• Task instructions: Output all of the data exactly as it appears, but leave out any pictures it contains.

• Dataset:

════════════════════

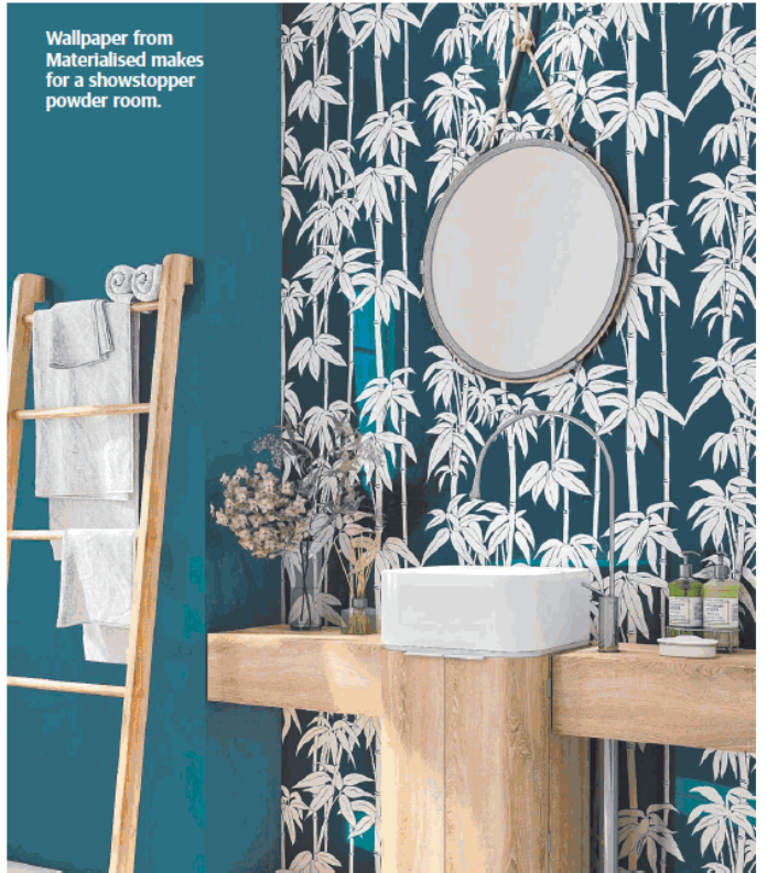
Wallpaper from Materialised makes for a showstopper powder room.

"Elevate your powder room to a guest-worthy space by accessorising with small touches," says Daniela from Reece. "In a powder room, there are decisions you can make in the design process to increase the illusion of space. For example, wall-hung vanity units provide storage and toilet pans with concealed cisterns give the illusion of extra floor space. Because powder rooms are high-traffic areas, Daniela says it makes sense to choose high-quality products that will last the test of time. More: reece.com.au Picture: Interior design by decus.com.au ; fittings by candana.com.au
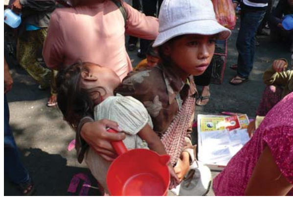
Figure 10.5 How poor is poor for these beggar children in Vietnam?

What does it mean to be poor? Does it mean being a single mother with two kids in New York City, waiting for the next paycheck in order to buy groceries? Does it mean living with almost no furniture in your apartment because your income doesn't allow for extras like beds or chairs? Or does it mean having to live with the distended bellies of the chronically malnourished throughout the peripheral nations of Sub-Saharan Africa and South Asia? Poverty has a thousand faces and a thousand gradations; there is no single definition that pulls together every part of the spectrum. You might feel you are poor if you can't afford cable television or buy your own car. Every time you see a fellow student with a new laptop and smartphone you might feel that you, with your ten-year-old desktop computer, are barely keeping up. However, someone else might look at the clothes you wear and the calories you consume and consider you rich.
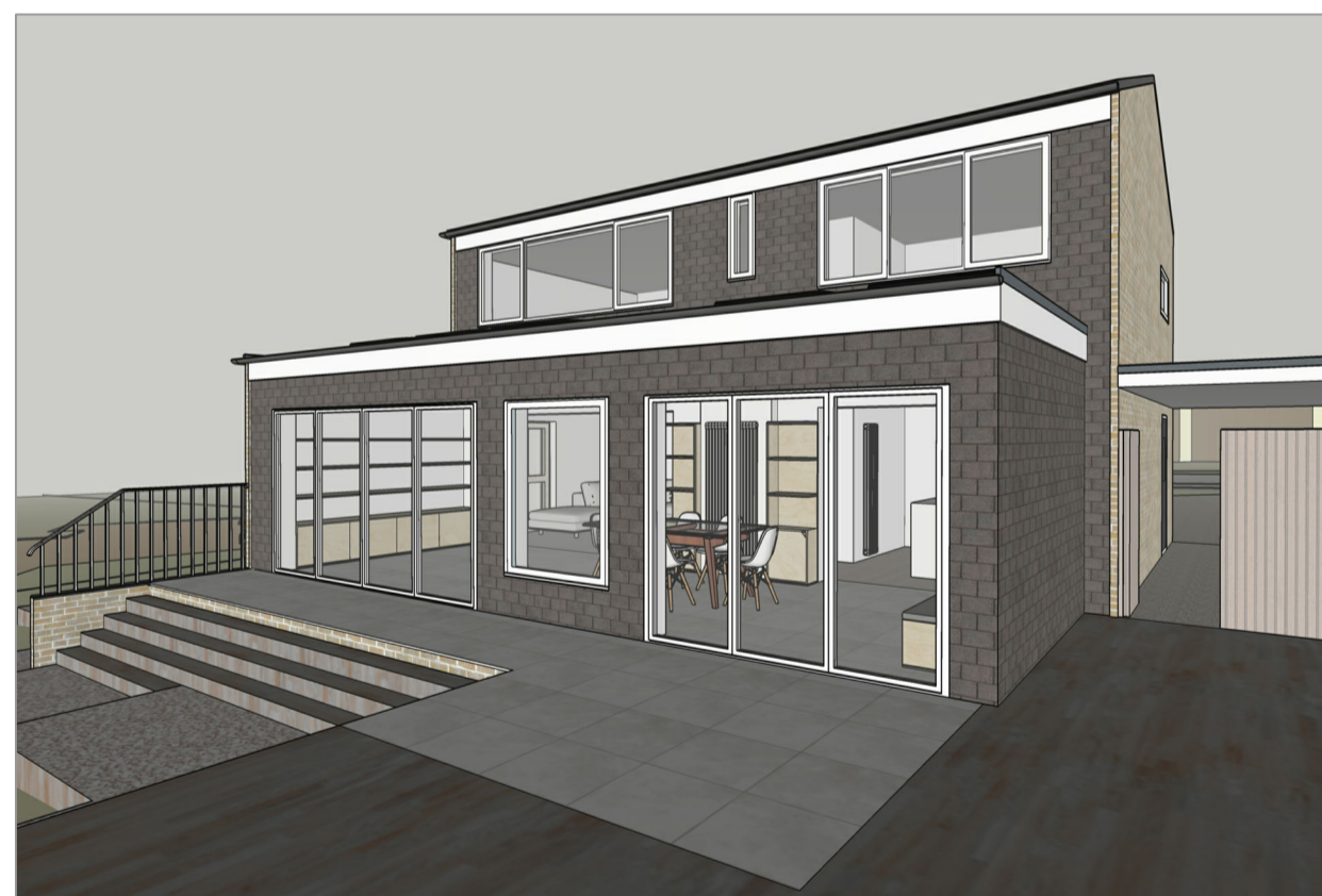
3D RENDER SHOWING PROPOSED REAR EXTENSION
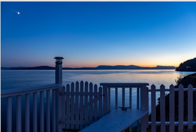
7941 Plumper Way
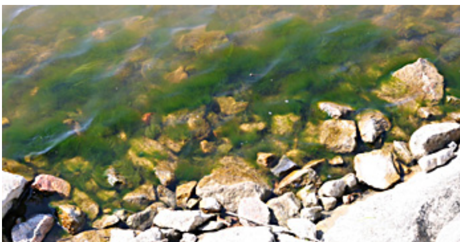
Figure 3. Baltic Sea Eutrophication. (Helsingin yliopisto 2007.)

reduce the amount of substrates. Thirdly, the huge amount of nutrients during the vegetation period gives a boost to opportunistic species with short life cycles and fast development compared to perennial species with lower productivity. That results in a shift in community composition. What is more, the effect of eutrophication can be seen in the fish communities in loss of shelter and turbid water (Helsinki Commission 2009, 113-114.) The figure 3 below illustrates the problem of eutrophication in the Baltic Sea. As can be seen from the picture the alga has gathered as big loads to the coastal areas of the sea. The eutrophication threatens the Baltic Sea diversity.

════════════════════

• Finished task:
Wallpaper from Materialised makes for a showstopper powder room.

"Elevate your powder room to a guest-worthy space by accessorising with small touches," says Daniela from Reece. "In a powder room, there are decisions you can make in the design process to increase the illusion of space. For example, wall-hung vanity units provide storage and toilet pans with concealed cisterns give the illusion of extra floor space. Because powder rooms are high-traffic areas, Daniela says it makes sense to choose high-quality products that will last the test of time. More: reece.com.au Picture: Interior design by decus.com.au ; fittings by candana.com.au
Figure 10.5 How poor is poor for these beggar children in Vietnam?

What does it mean to be poor? Does it mean being a single mother with two kids in New York City, waiting for the next paycheck in order to buy groceries? Does it mean living with almost no furniture in your apartment because your income doesn't allow for extras like beds or chairs? Or does it mean having to live with the distended bellies of the chronically malnourished throughout the peripheral nations of Sub-Saharan Africa and South Asia? Poverty has a thousand faces and a thousand gradations; there is no single definition that pulls together every part of the spectrum. You might feel you are poor if you can't afford cable television or buy your own car. Every time you see a fellow student with a new laptop and smartphone you might feel that you, with your ten-year-old desktop computer, are barely keeping up. However, someone else might look at the clothes you wear and the calories you consume and consider you rich.
3D RENDER SHOWING PROPOSED REAR EXTENSION
7941 Plumper Way
Figure 3. Baltic Sea Eutrophication. (Helsingin yliopisto 2007.)

reduce the amount of substrates. Thirdly, the huge amount of nutrients during the vegetation period gives a boost to opportunistic species with short life cycles and fast development compared to perennial species with lower productivity. That results in a shift in community composition. What is more, the effect of eutrophication can be seen in the fish communities in loss of shelter and turbid water (Helsinki Commission 2009, 113-114.) The figure 3 below illustrates the problem of eutrophication in the Baltic Sea. As can be seen from the picture the alga has gathered as big loads to the coastal areas of the sea. The eutrophication threatens the Baltic Sea diversity.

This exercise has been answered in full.